Whatever happened to "think
global, act local" anyway?

P.S. - I agree with Michael Lease, couldn't you anonymous' at least come up with nicknames? Are you five different people, three, or the same person five times? The total anonymity definitely lessens the validity of what are sometimes well-reasoned arguments.

Anonymous said...

He talks about this often enough

Hungry Hyaena said...

I think Anonymous #1 hits the nail on the head and Michael #2 provides an interesting follow-up. Above all else, it's an issue of class/economics. For the same reason, contemporary theorists bemoan an absence of black American "intellectuals." (There are considerably more black artists and writers emerging from other cultures.)

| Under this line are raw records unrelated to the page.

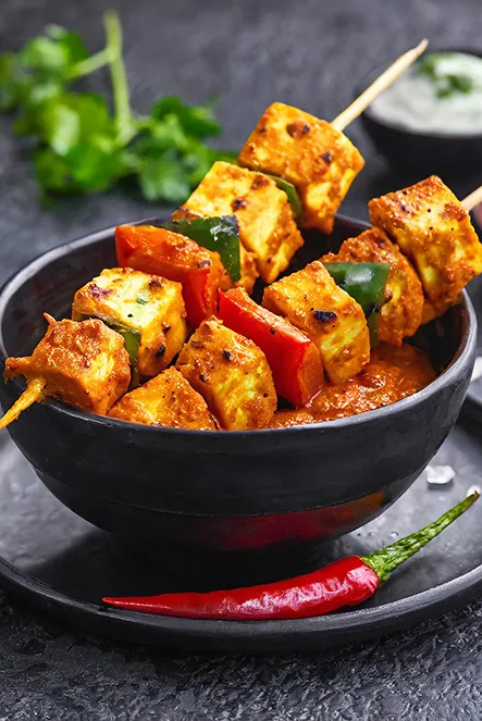 Paneer Delights: Vegan Paneer Tikka Mossala, Jalfrezi, Karahi, and Palak Paneer Tikka give rich, comforting, and mild-to-bold options.
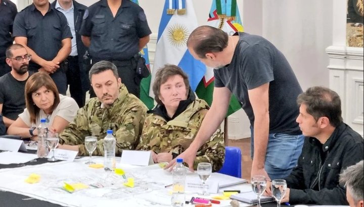 La comitiva la integran, además del jefe de Estado, Guillermo Francos (ministro del Interior) Patricia Bullrich (ministra de Seguridad); Sandra Pettovello (ministra de Capital Humano); Luis Petri (ministro de Defensa); y la secretaria General de la Presidencia, Karina Milei.
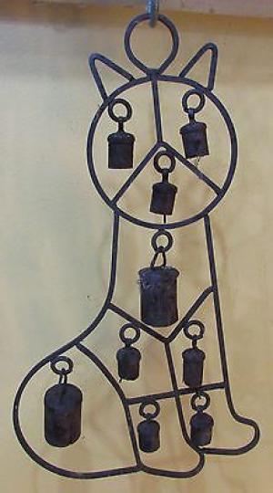 Vintage old metal Pigs door wind chime bells 16 x 12" farm barn store USA Prim

Furthermore, all but one of the young (under 40) black artists I know personally considers "fine art" to be bogus, or at least suspect. They are graphic designers, graffiti artists, animators and illustrators. You grow up poor, perhaps, and you become more interested in visceral, immediate communication, not philosophical rumination or formalism.

Anonymous said...

i'm not sure that i think being poor or growing up poor has anything at all to do with the art-making impetus, but it probably has A LOT to do with getting the connections you need to get shown and discussed.

Anonymous said...

Okwui Enwezor (curator: Documenta 11, Johannesburg biennale) and Rene Green are Deans at the San Francisco Art Institute, yet I find it extremely odd that there are only two black grad students. However, we have many International students, hispanic students, asian students, so the program doesn't feel *completely* lilly-white, but.. close.

IMPAQ said...

Great post. Don't agree with all of the responses, but ... certainly makes for interesting conversation.

Anonymous said...

What is up with the athletics bashing? As if athletics didn't take discipline, talent, drive and tons of hard work? There is NOT a whole lotta money being spent in RPS on athletics.The basketballs are falling apart, fields are covered in dogshit and the equipment all fits into a closet the size of my shower...As someone who DOES teach in the RPS I can tell you that most black folks see art as something they wish they could make into a career (art-star as rock-star).Then, they find out they'll need an MFA to get any respect from a gallery, have to compete for residencies to places where they'll be the only or the 'other' minority artist(skowhegan?), and either live off student loans, teach or be servers, is it any wonder we get conciously sidetracked? Also, I see way too many white artists clamoring for props from us for street creds or soo fuckin well read that the opinions they have all get prefaced with quotes. So we teach at RPS cuz white people give up after about four years of it, (maybe because they're so intimidated by a 97% black faculty and 99% black student body) and WE give away our time for artmaking so we can wrestle (and I DO mean literally, wrestle with someone to take away a cell-phone, knife, break up a fight, etc.)with somebody's punk-ass chile hoping to contribute in a more concrete way to our culture. Cuz you know art sure as shit won't do it.